# EXERCISE DETAILS
Exclude any images and output the remaining records exactly.

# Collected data
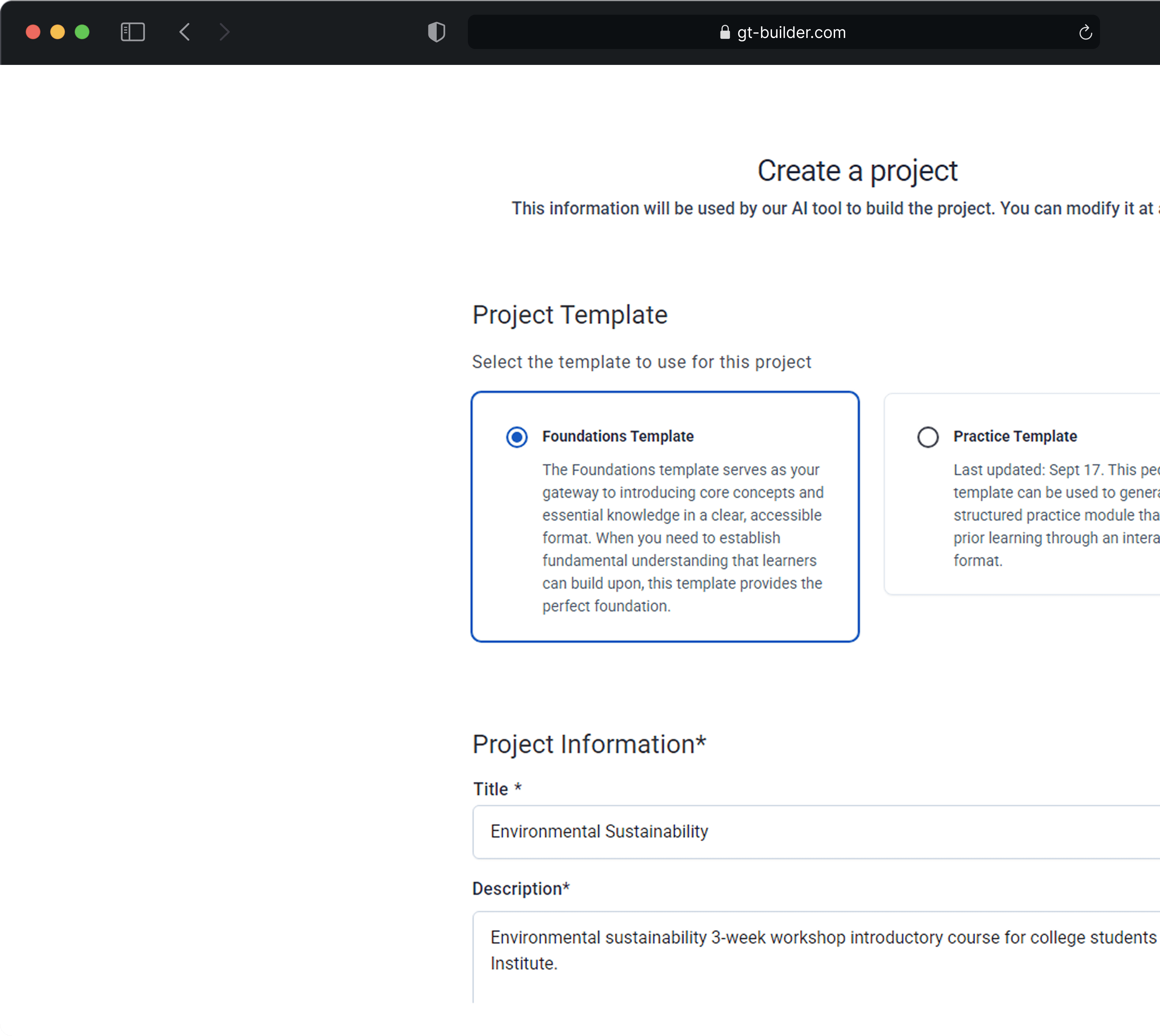 6/8 participants said they weren’t sure what the difference was between the foundation and practice templates. Because they didn’t understand how each option would affect the course, most people guessed and chose the one that felt “safer,” which made them uncertain about whether they had made the right decision.
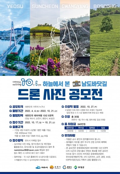 여수시, 순천시, 광양시, 보성군과 문화체육관광부 2022년 지역 연계관광 활성화 사업 6권역 관리사업단에 따르면 지난달부터 오는 10월까지 4개 시군을 촬영 대상으로 ‘하늘에서 본 남도바닷길 드론 사진 공모전’을 개최한다고 밝혔다.
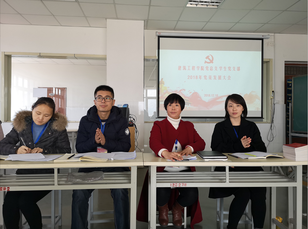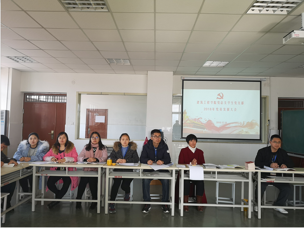2018年12月18日11:00建筑工程公司党总支员工党支部于实训楼E311顺利召开了预备党员发展大会。建筑工程公司党总支书记马春燕同志、员工党支部组织委员任旭凯、员工党支部宣传委员刘亚娟、员工党支部刘高喜同志、吴凤珍同志、王丹丹同志、李慧杰同志八人参加本次会议,党总支纪委委员樊磊、教工党支部冯娇伟同志、张瑾同志列席本次大会,会议主题:建筑工程公司党总支员工党支部2018年接收31名申请人为预备党员的会议。
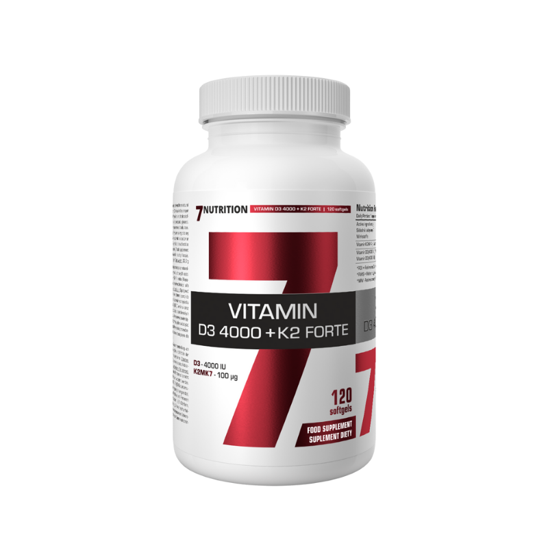 7Nutrition Vitamin D3 4000 K2 Forte to suplement diety łączący witaminę D3 w wysokiej dawce (4000 IU) z aktywną formą witaminy K2 MK-7, który wspiera prawidłowy metabolizm wapnia, zdrowie kości i funkcje odpornościowe organizmu.
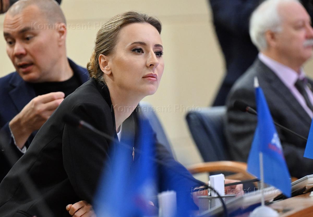 Первое заседание Московской городской Думы (Мосгордума) восьмого созыва. Депутат Мосгордумы Мария Киселева (в центре) во время заседания.

# SOLUTION TO THE EXERCISE
 6/8 participants said they weren’t sure what the difference was between the foundation and practice templates. Because they didn’t understand how each option would affect the course, most people guessed and chose the one that felt “safer,” which made them uncertain about whether they had made the right decision.
 여수시, 순천시, 광양시, 보성군과 문화체육관광부 2022년 지역 연계관광 활성화 사업 6권역 관리사업단에 따르면 지난달부터 오는 10월까지 4개 시군을 촬영 대상으로 ‘하늘에서 본 남도바닷길 드론 사진 공모전’을 개최한다고 밝혔다.
2018年12月18日11:00建筑工程公司党总支员工党支部于实训楼E311顺利召开了预备党员发展大会。建筑工程公司党总支书记马春燕同志、员工党支部组织委员任旭凯、员工党支部宣传委员刘亚娟、员工党支部刘高喜同志、吴凤珍同志、王丹丹同志、李慧杰同志八人参加本次会议,党总支纪委委员樊磊、教工党支部冯娇伟同志、张瑾同志列席本次大会,会议主题:建筑工程公司党总支员工党支部2018年接收31名申请人为预备党员的会议。
 7Nutrition Vitamin D3 4000 K2 Forte to suplement diety łączący witaminę D3 w wysokiej dawce (4000 IU) z aktywną formą witaminy K2 MK-7, który wspiera prawidłowy metabolizm wapnia, zdrowie kości i funkcje odpornościowe organizmu.
 Первое заседание Московской городской Думы (Мосгордума) восьмого созыва. Депутат Мосгордумы Мария Киселева (в центре) во время заседания.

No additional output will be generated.